There are six defeat clips from their matches, obviously posted by someone who'd been hanging out in spectator mode, and he looks like an amateur in all of them. Ben, who hadn't given spectator mode much thought until now, suddenly feels extraordinarily angry about the newly released beta feature.

Disgusted, he closes the window, unable to even watch the ending of the final clip much less delve into the comments section to see what people are saying.

This call with Snoke is not going to be fun.

His thumb hovers over the call button next to his manager’s name for a longer time than he would ever be willing to admit to, before he finally forces himself to just nut up and make the call.

Snoke picks up on the fourth ring, because he’s the kind of dick who likes to make people wait.

“Ben, so good of you to call,” he drawls.

“You told me to, so I did,” Ben says, forcing himself to hold his temper in check.

“And a good thing too,” Snoke says, “because I’m sure you realize that we have one big problem already and adding any sort of… unpleasantness between us right now would just be… so unfortunate, wouldn’t it?”

Ben grunts an agreement.

“The problem, my young friend, is not that you had some bad matches. It’s that you were personally humiliated in the public eye by a player that no one has even heard of before. Which makes you look bad. Which makes the team look bad. Which makes the sponsors nervous, which we simply cannot have,” Snoke says as though he’s explaining something complicated to a complete idiot.

“So here’s what’s going to happen. We’re going to do some damage control. I’ve already reached out to this ReyOfLight player and we’re going to stage some matches between the two of you, I think prime-time streamed games would be ideal, and you’re going to beat him so thoroughly that no one ever questions your skills again.”

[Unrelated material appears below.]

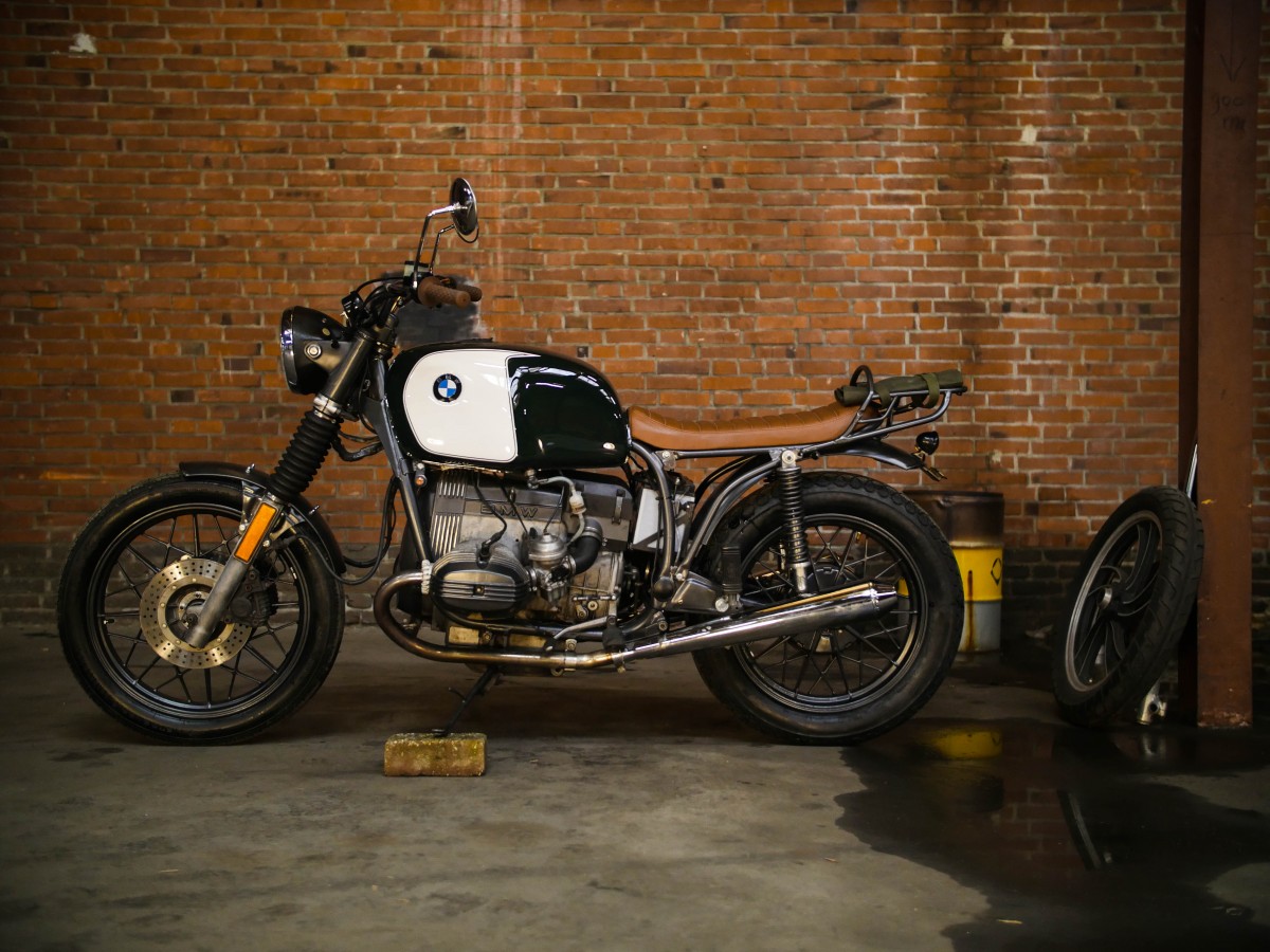 Deze BMW R80/7 werd vanaf 1981 gebruikt door de Nederlandse douane. Bij binnekomst is deze bike compleet gestript. Er is een compleet nieuwe frame gebouwd waar een nieuw, op maat gemaakt zadel is opgezet. De tank werd voorzien van een nieuwe kleur: British racing green. Terwijl het frame, velgen en andere onderdelen werden voorzien van een one-off gun metal grey kleur. Wat een monster.

Ben’s hand tightens around his phone.

“Are you telling me to cheat?” He asks, feeling his temper begin to escape from his fragile control.

“I’m telling you to clean up your mess,” Snoke snaps, any veneer of blasé friendliness gone and replaced with cold iron, “You looked like a fool and once again left me to mop up after your mistakes. I will be offering this person a not insignificant amount of money to play in this ridiculous charade, after which he is to disappear from StarKiller forever.”

Ben feels hot rage begin to claw its way out of his throat. Say what you would about his behavior, his record as a player has never been anything but spotless. He’s earned his spot at the top and nobody, not even Snoke, can take that away from him. This whole thing makes him want to vomit.

“What if ReyOfLight won’t do it?” He asks, forcing his voice to hold steady.

“Oh he will,” says Snoke, dismissively. “Everyone has a price and it’s just a matter of finding his. And when I find it, I expect you to play your part so we can all put this ugliness behind us and go forward into the qualifiers without any further… disappointments.”

Ben doesn’t trust himself to speak so he remains silent.

Snoke chuckles – a hoarse, uncomfortable sound, “Well, this has been fun but I have things other than cleaning up after you to see to today so I’ll be back in touch when I hear from ReyOfLight. And I expect you to answer.”

The line goes dead.

It takes a few seconds for Ben to let the phone fall away from his ear. When his hand slides back into his lap, he realizes that it’s shaking.